En el vigésimo aniversario del desembarco (1976), se inauguró adjunto al museo el Memorial Granma, donde se puede apreciar el yate de 13 metros de eslora y 4.76 metros de manga, el cual se encuentra en perfecto estado de conservación. Desde entonces este uno de los espacios más visitados.

La obra incluye unas columnas que soportan el techo e imitan el tronco de las palmas reales. En tanto, los hexágonos que conforman toda la cubierta se inspiran en los penachos del árbol nacional cubano.

Artefactos militares vinculados a la Revolucion cubana

En los exteriores del museo también se localizan otras 14 piezas de gran tamaño vinculadas al ataque por Playa Girón y a otros sucesos históricos, entre ellas aviones de combate y tanques. Además se puede ver la Llama Eterna, monumento dedicado a rendir tributo a todos los héroes y mártires.

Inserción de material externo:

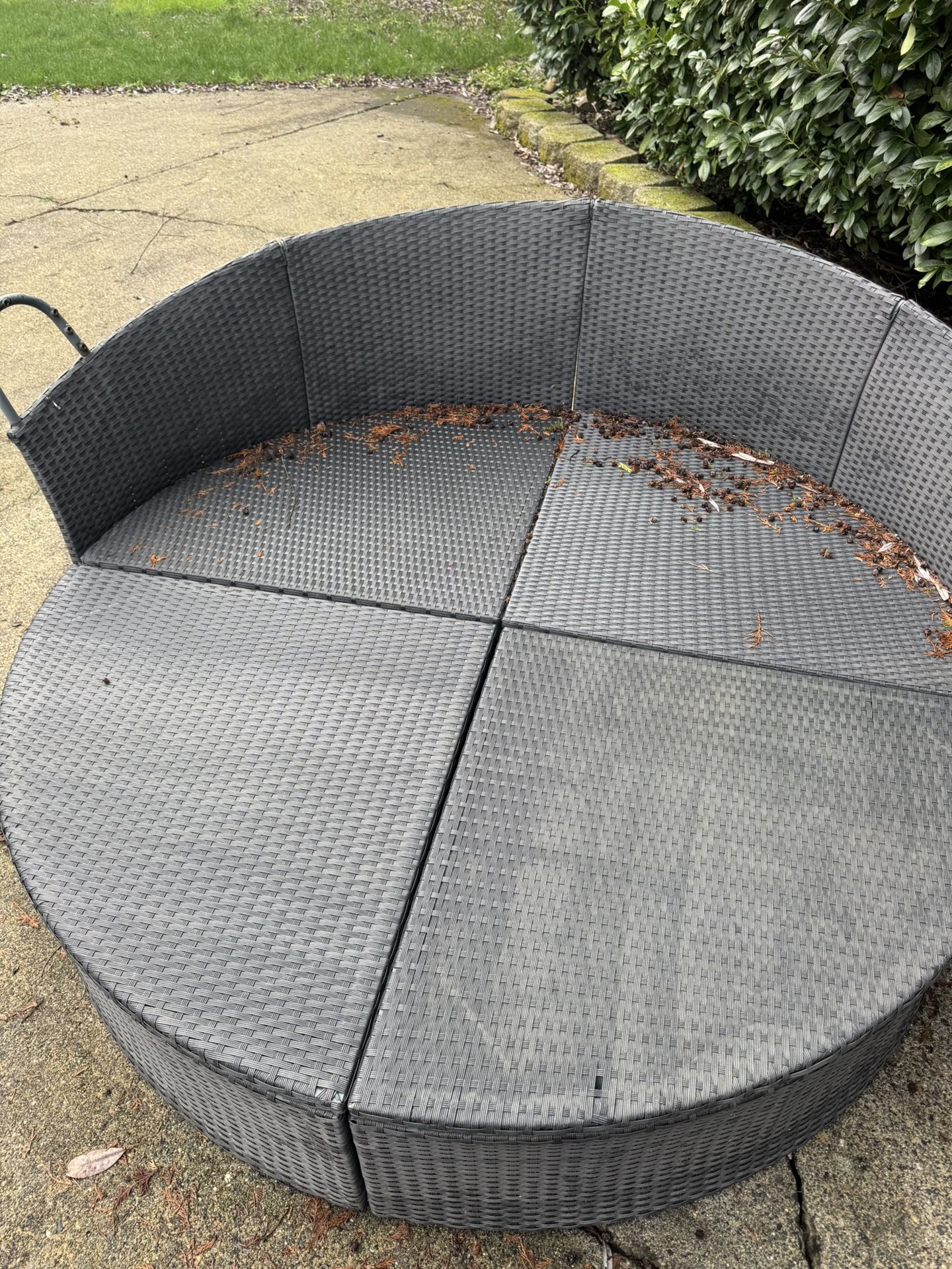 Very cool 6’ round outdoor sofa, splits in middle to be 2 seats, or pull it together to look fancy in front of your neighbors. No cushions come with this. It’s also missing one bracket on the ottoman piece. Doesn’t affect functionality but it can wobble when moving it. Probably $1 for 2 bolts and a bracket if you want to fix it.

Inicio de un paseo por La Habana Vieja

Este puede ser el comienzo, para los amantes de la historia más reciente, de un paseo por el centro histórico de la ciudad. Cuando concluya la visita al Museo de la Revolución, puede continuar por el excepcional Museo Nacional de Bellas Artes, queda aproximadamente a cien metros. Después de disfrutar de las exposiciones fíjese en la programación cultural de su Sala-Teatro, donde se celebran algunos de los más relevantes conciertos del país.

Coche clasico frente al Museo de La Revolucion

Luego podría recorrer el emblemático Prado habanero hasta el Malecón. Sería un paseo inolvidable para disfrutar algunas de las vistas más hermosas de la capital cubana: donde se encuentran el mar y el paisaje urbano de San Cristóbal de La Habana.